Exercise directions: The answer must be only the lines below from the one holding "Bei nicht exakt" down to the one holding "Un atelier proposé", ends included, printed exactly; please omit all pictures.

Excerpts from a dataset:
-.-.-

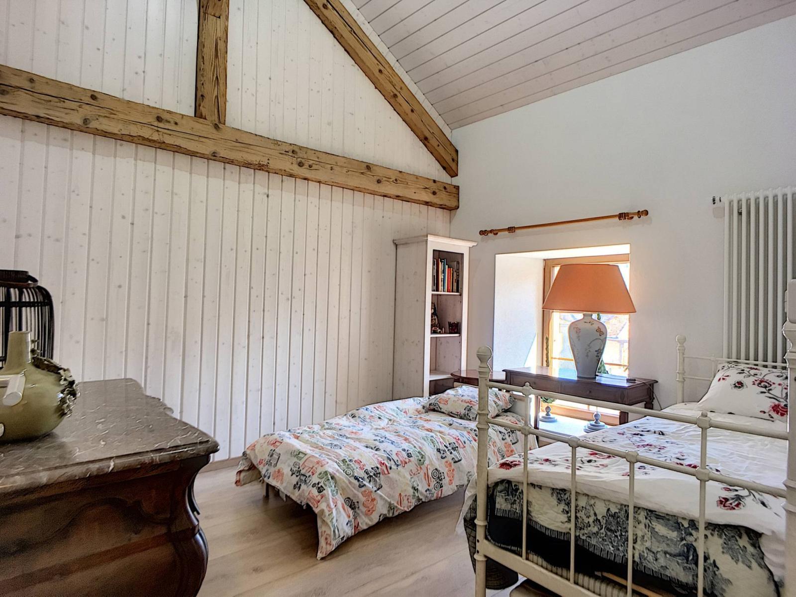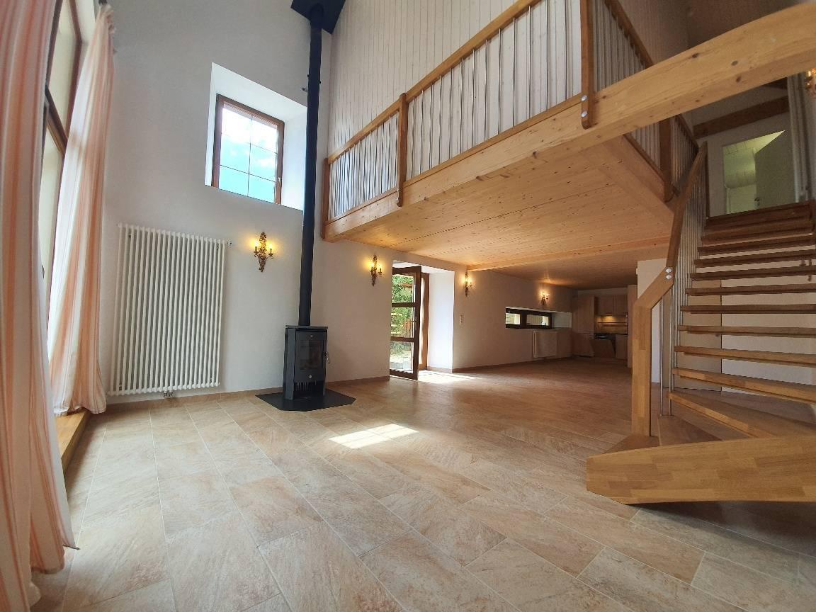 gives it a most welcoming atmosphere. The living area is approximately 100 m2 and the living room benefits from a Swedish stove and a beautiful ceiling height of approximately 4 meters. Beautiful exposed beams for an undeniable character.
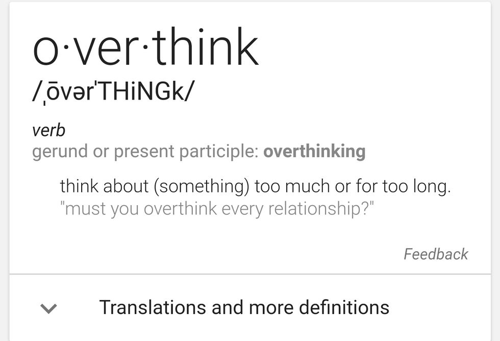 Overthinking is reading your favorite book, but there is not a definitive ending. The possibilities are endless, and yet, you cannot arrive at any end.
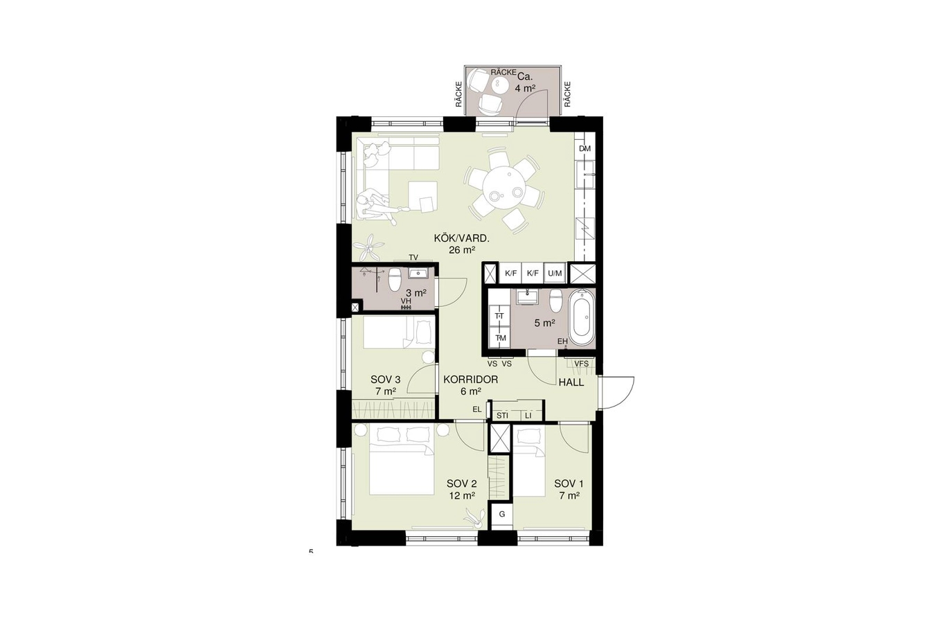 | 5-1301 | 3 | 4 rok | 85 kvm | Såld | ||
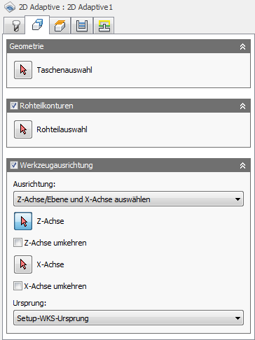 Bei nicht exakt vertikalen Flächen interpoliert Inventor HSM zwischen den Werten für axiales (unteres) und radiales Rohteil-Aufmaß, sodass das in radialer Richtung auf diesen Flächen verbleibende Rohteilmaterial je nach Flächenneigungswinkel und Wert für axiales Rohteil-Aufmaß vom angegebenen Wert abweichen könnte.
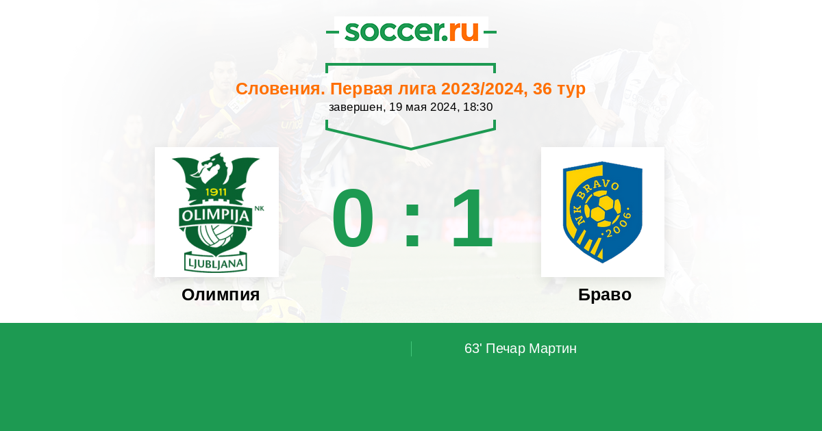 Протокол матча Олимпия против Браво
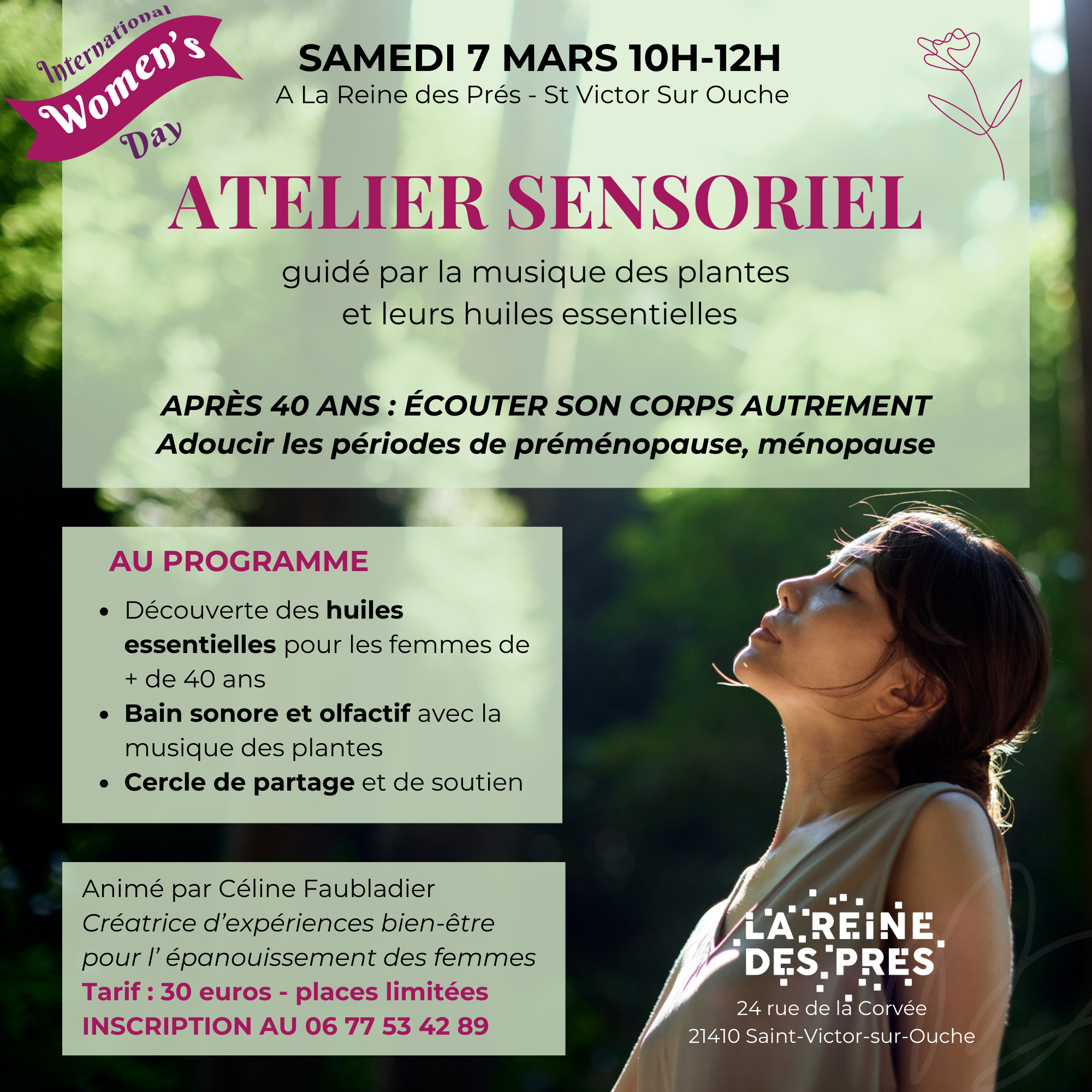 Un atelier proposé le samedi 7 mars 10h-12h à l'espace "La Reine des Prés" à Saint-Victor-sur-Ouche et animé par Céline Faubladier - Ecrin de Gaïa, créatrice d'expériences bien-être pour l'épanouissement des femmes.
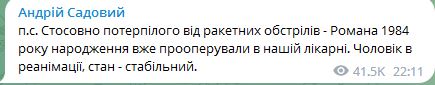 06.30 Мэр Львова Андрей Садовой сообщил, что в результате удара РФ пострадал мужчина 1984 года рождения. Его прооперировали. Он находится в реанимации. Состояние стабильное.
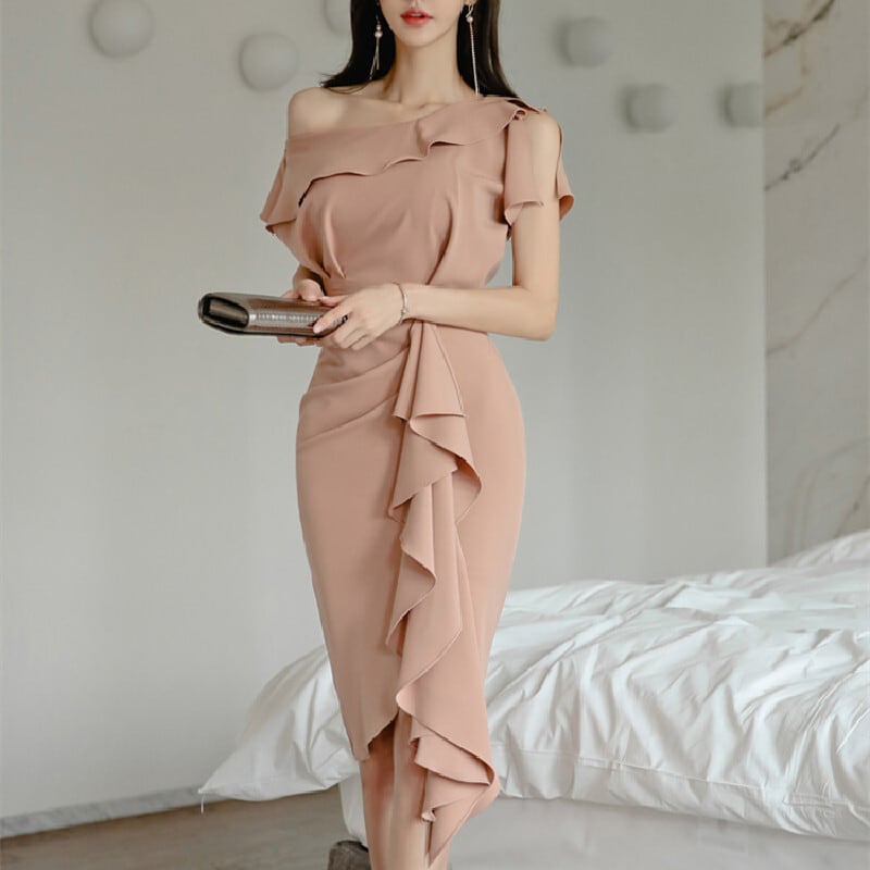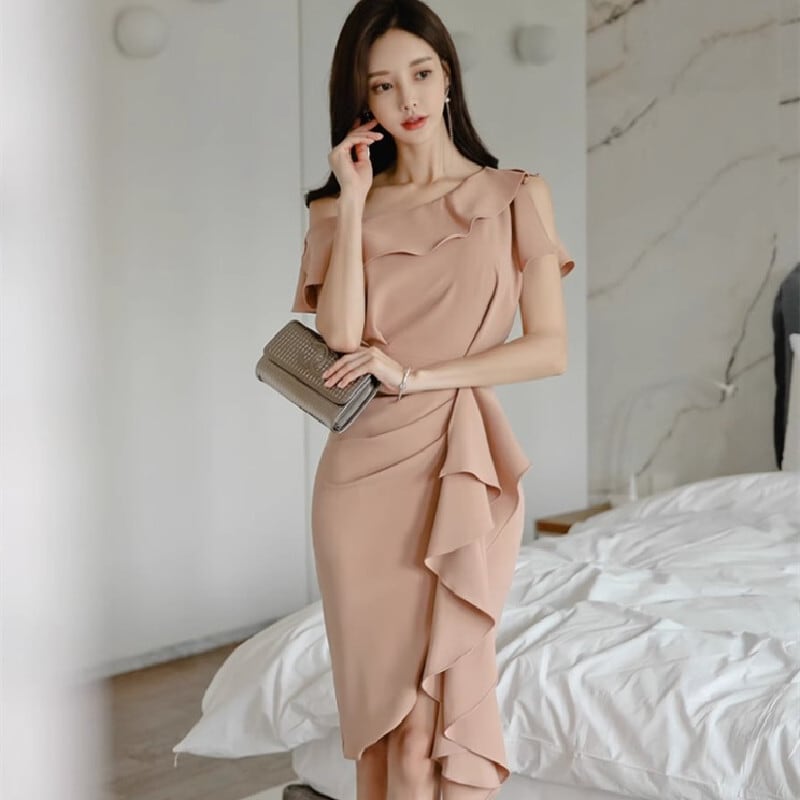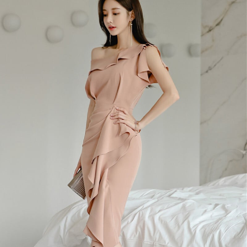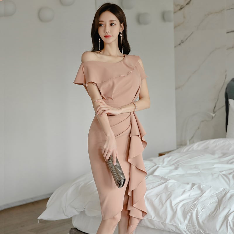 ワンピース オフショルダー 無地 ワンショルダー ペプラム ダークアプリコット S M L XL

-.-.-

Output for this exercise:
 Bei nicht exakt vertikalen Flächen interpoliert Inventor HSM zwischen den Werten für axiales (unteres) und radiales Rohteil-Aufmaß, sodass das in radialer Richtung auf diesen Flächen verbleibende Rohteilmaterial je nach Flächenneigungswinkel und Wert für axiales Rohteil-Aufmaß vom angegebenen Wert abweichen könnte.
 Протокол матча Олимпия против Браво
 Un atelier proposé le samedi 7 mars 10h-12h à l'espace "La Reine des Prés" à Saint-Victor-sur-Ouche et animé par Céline Faubladier - Ecrin de Gaïa, créatrice d'expériences bien-être pour l'épanouissement des femmes.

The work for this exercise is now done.